**Extracted material:**

========

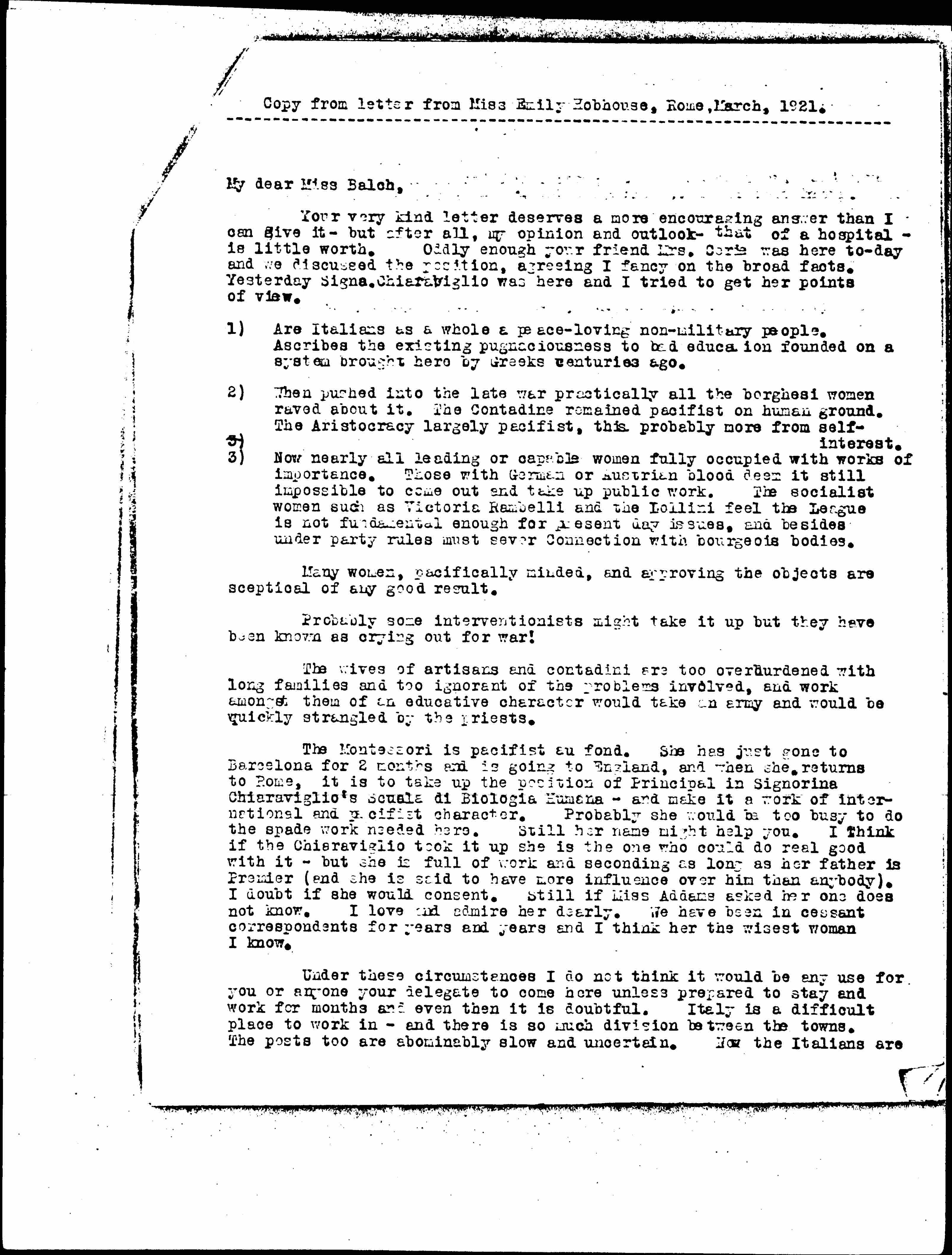 The Montessori is pacifist au fond. She has just gone to Barcelona for 2 months and is going to England, and when she returns to Rome, it is to take up the position of Principal in Signorina Chiaraviglio's Scuola di Bologna Humana -- and make it a work of international and pacifist character. Probably she would be too busy to do the spade work needed here. Still her name might help you. I think if the Chiaraviglio took it up she is the one who could do real good with it -- but she is full of work and seconding as long as her father is Premier (and she is said to have more influence over him than anybody). I doubt if she would consent. Still if Miss Addams asked her one does not know. I love and admire her dearly. We have been incessant correspondence for years and years and I think her the wisest woman I know.
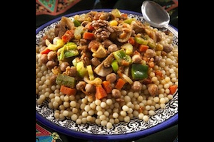 3.  في الوقت عينه، في قدر سميكة القاعدة ضعي المغربية والسمن، وقلبي على النار لمدة دقيقة أو دقيقتين، وأضيفي المرق، غطي القدر وأبعديها عن النار، قلبي المغربية بالشوكة لكي تتفتح الحبات جيداً، وأضيفي المزيد من المرق إذا بقيت المغربية جافة. يجب أن تتفتح حبات المغربية تماماً، وتلين.
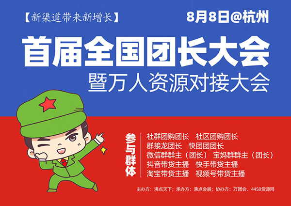 作为新零售创新者、以及新零售风向标的沸点天下,每推出一个新项目、新活动就被人追着抄袭、模仿!今天(2021年6月9日),沸点天下将助力团长增长,帮助货源方拓展更多渠道,发起首届全国团长大会!立贴或截图,“全国团长大会”是沸点天下创立的!2021年8月8日在杭州新渠道展期间举办!
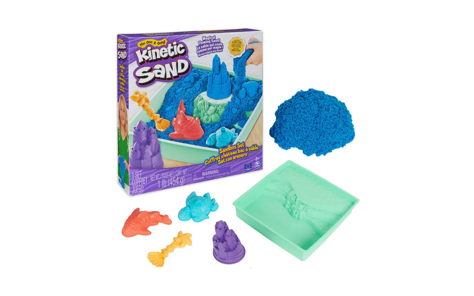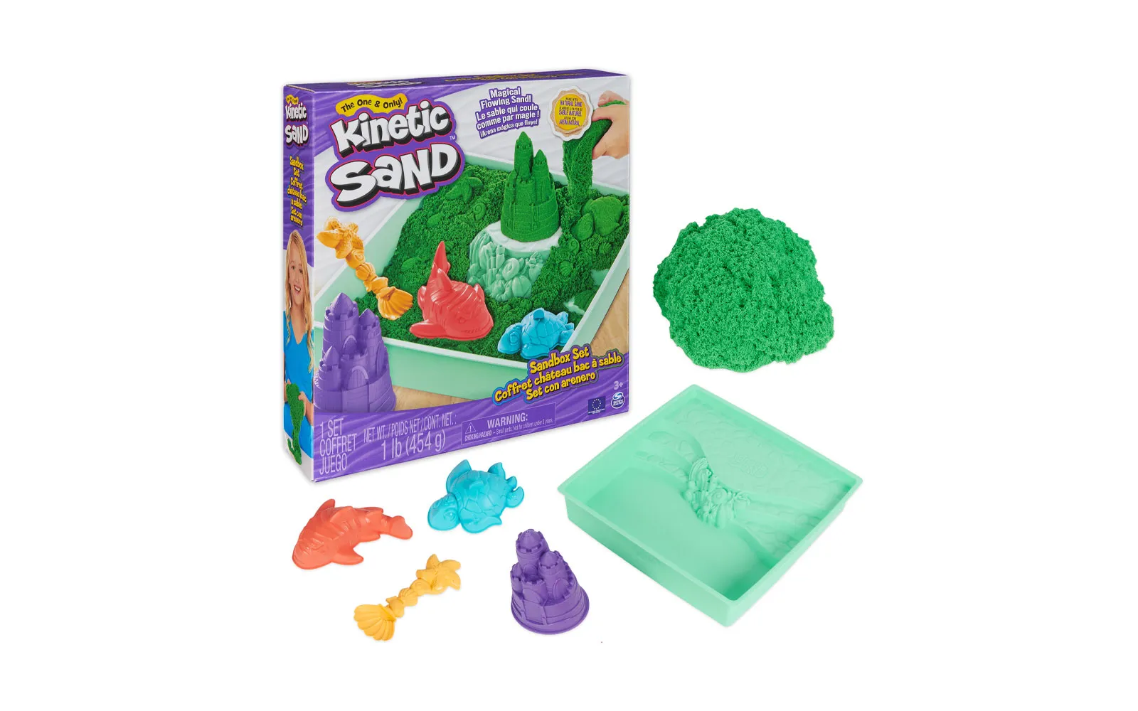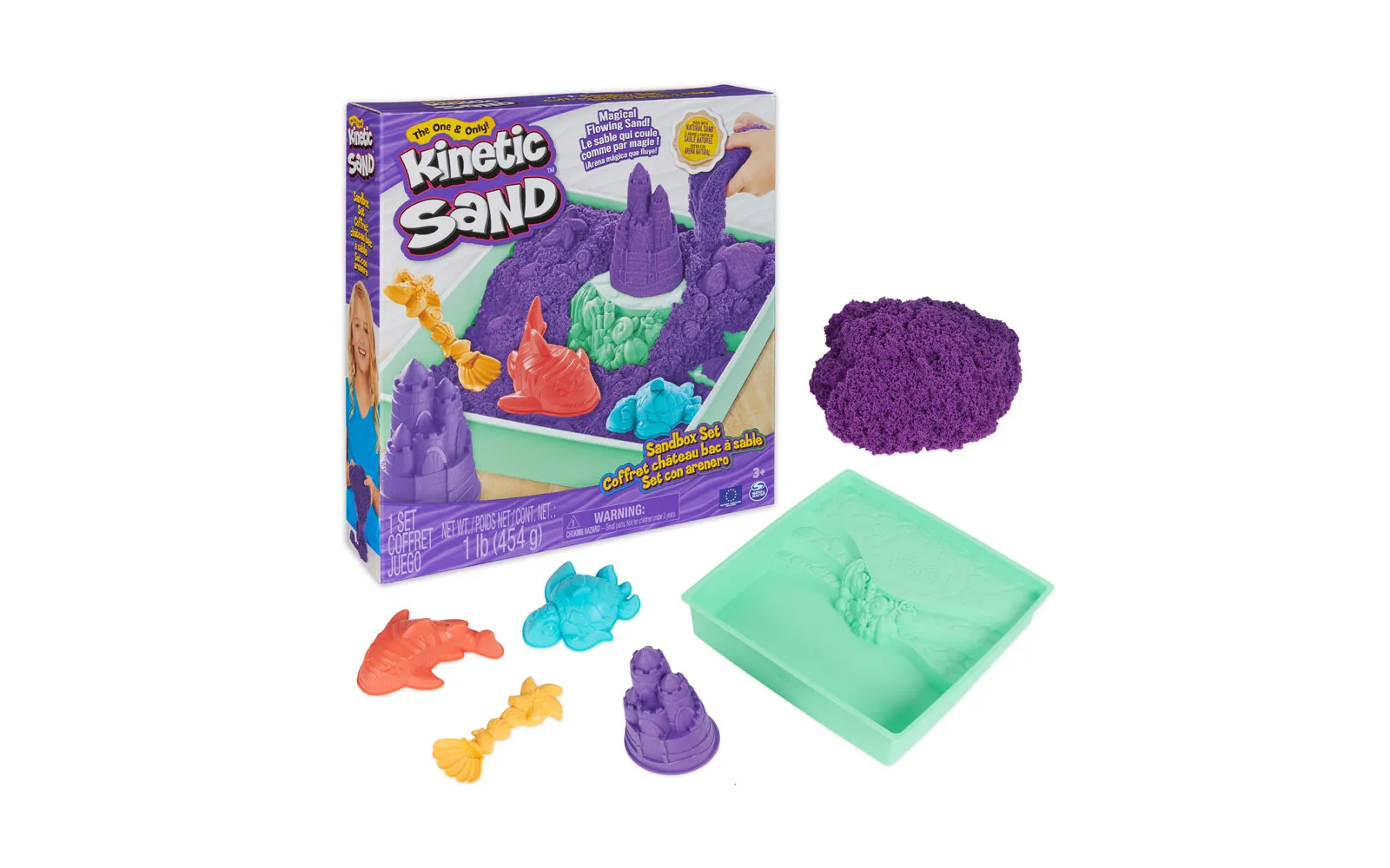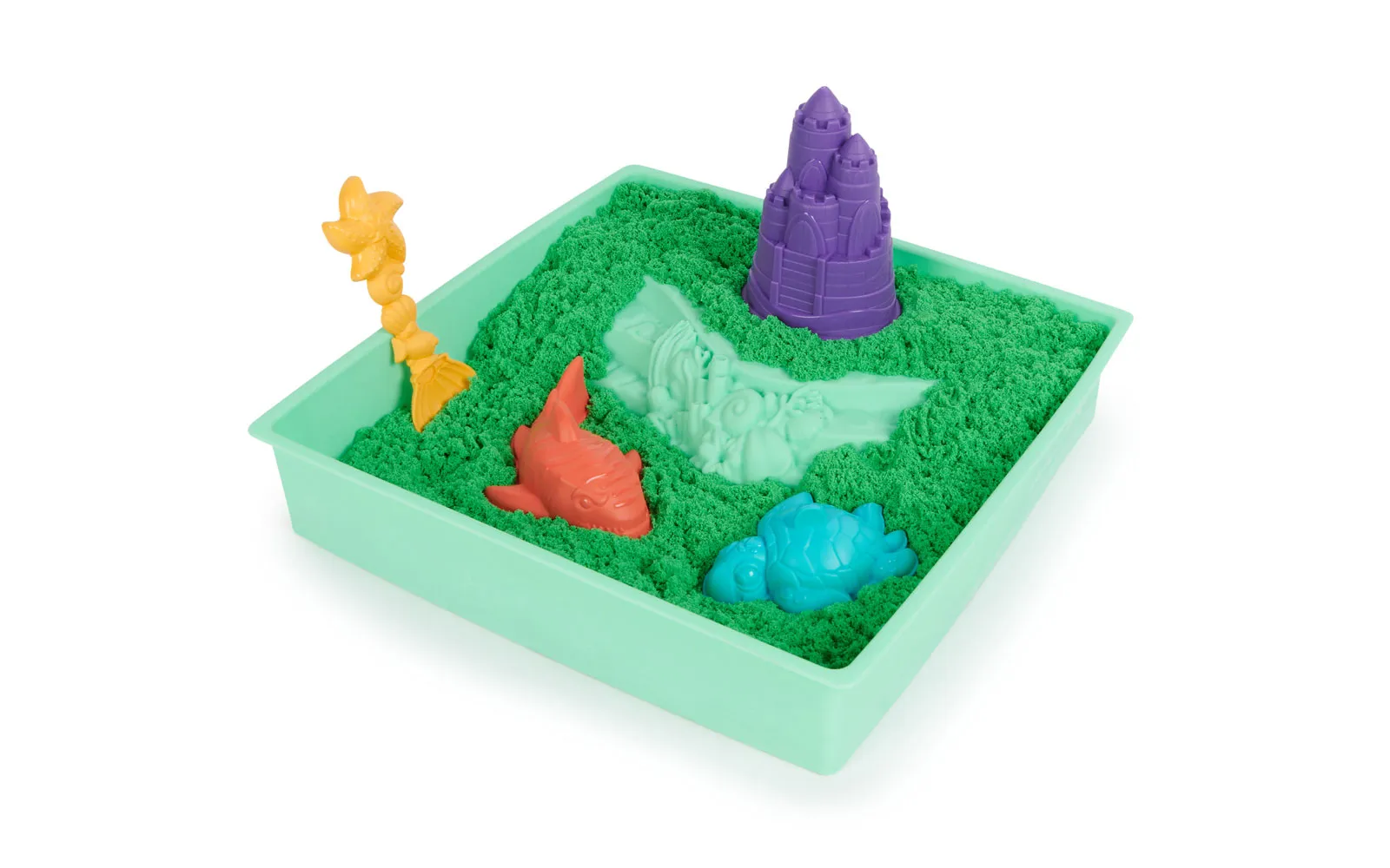 Kinetički pijesak Kinetic Sand Sandbox by Spin Master odličan je za male obožavatelje oblikovanja pijeska i izrade umjetnina od pijeska. Set sadrži magični kinetički pijesak koji se lako oblikuje, a iz kojeg djeca mogu stvarati prekrasne pijesane skulpture, dvorce i oblike. Također uključuje podlogu na kojoj djeca mogu stvarati svoje umjetnine i različite alate za oblikovanje. Kinetički pijesak je vrlo čaroban i očarat će vašu djecu, budući da se ne lijepi i ne suši, pa su mogućnosti za igru i stvaranje beskrajne! Potiče kreativnost djece i omogućuje im da puste mašti na volju. Kinetički pijesak izrađen je od 100% prirodnog pijeska (bez dodataka) i ne sadrži pšenicu, gluten i kazein. Pjesak kinetičkog pijeska proizveden je u Švedskoj. Set sadrži: 1 kinetički pijesak u ljubičastoj, plavoj ili zelenoj boji, 1 podlogu za igru te razne alate za oblikovanje. Igračka je prikladna za djecu od 3. godine starosti nadalje.
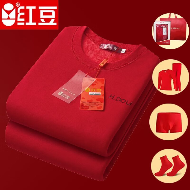 ¥148 红豆本命年属马大红色保暖内衣套装加绒加厚男女结婚喜庆蛇年内衣礼盒 男士圆领大红色+内裤+袜子 XL /170 178
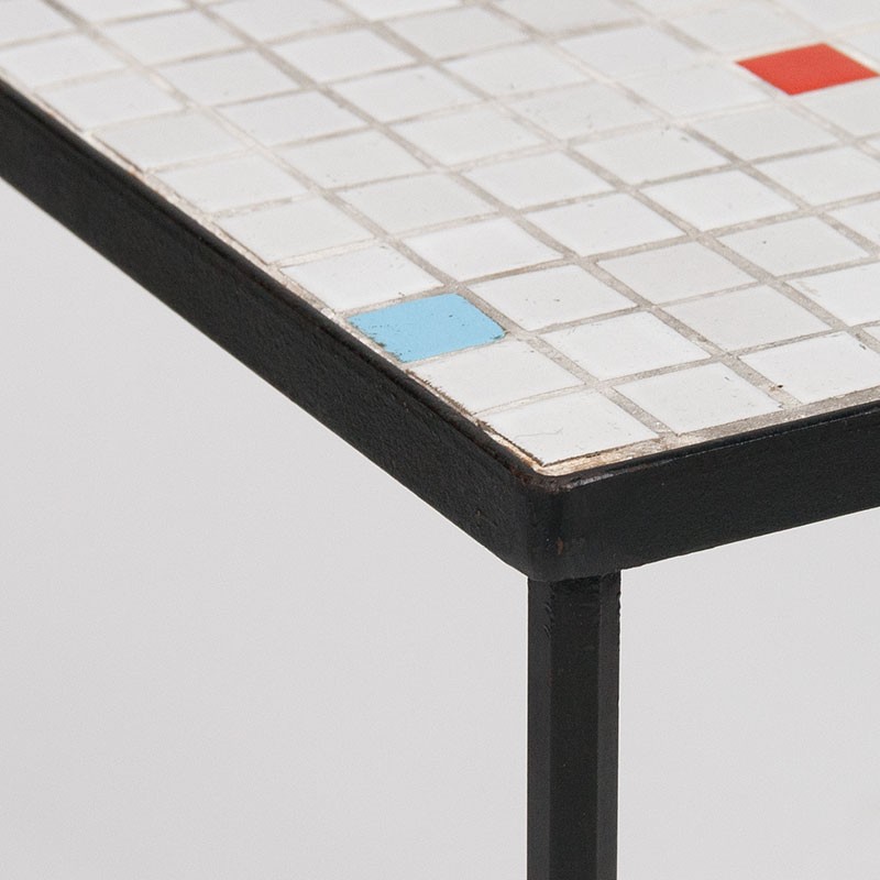 Plant table and/or side table from the late 1950s. Beautiful vintage mid-century piece with a black metal base and a mosaic top. The condition is good considering its age (no chips), see details. The dimensions are 31 cm by 31 cm and 39.5 cm high.

========

**Exercise:** Look back over the records above. Reproduce exactly everything from the line with "3.  في الوقت" down to the line with "作为新零售创新者、以及新零售", inclusive, and leave the pictures out.

**Answer:**
 3.  في الوقت عينه، في قدر سميكة القاعدة ضعي المغربية والسمن، وقلبي على النار لمدة دقيقة أو دقيقتين، وأضيفي المرق، غطي القدر وأبعديها عن النار، قلبي المغربية بالشوكة لكي تتفتح الحبات جيداً، وأضيفي المزيد من المرق إذا بقيت المغربية جافة. يجب أن تتفتح حبات المغربية تماماً، وتلين.
 作为新零售创新者、以及新零售风向标的沸点天下,每推出一个新项目、新活动就被人追着抄袭、模仿!今天(2021年6月9日),沸点天下将助力团长增长,帮助货源方拓展更多渠道,发起首届全国团长大会!立贴或截图,“全国团长大会”是沸点天下创立的!2021年8月8日在杭州新渠道展期间举办!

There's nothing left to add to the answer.